DATA »
☆ ☆ ☆ ☆ ☆ ☆ ☆
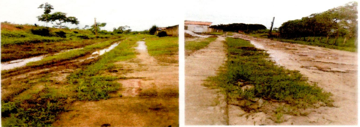
3 – FIGURA: Rua Ceará e Rua Pará no Residencial Rio Gurupi
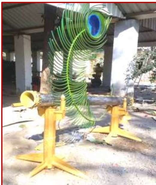
Flute 10x3x6 ft, Mohit Kasana(BFA) Worth Rs. 4 Lacs
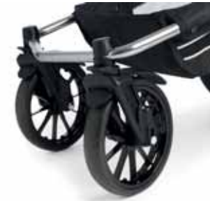
Kääntyvät etupyörät Super Nitro
☆ ☆ ☆ ☆ ☆ ☆ ☆
In your copy of the listing above, reproduce each line exactly and omit all pictures.

SOLUTION TO THE EXERCISE »
3 – FIGURA: Rua Ceará e Rua Pará no Residencial Rio Gurupi
Flute 10x3x6 ft, Mohit Kasana(BFA) Worth Rs. 4 Lacs
Kääntyvät etupyörät Super Nitro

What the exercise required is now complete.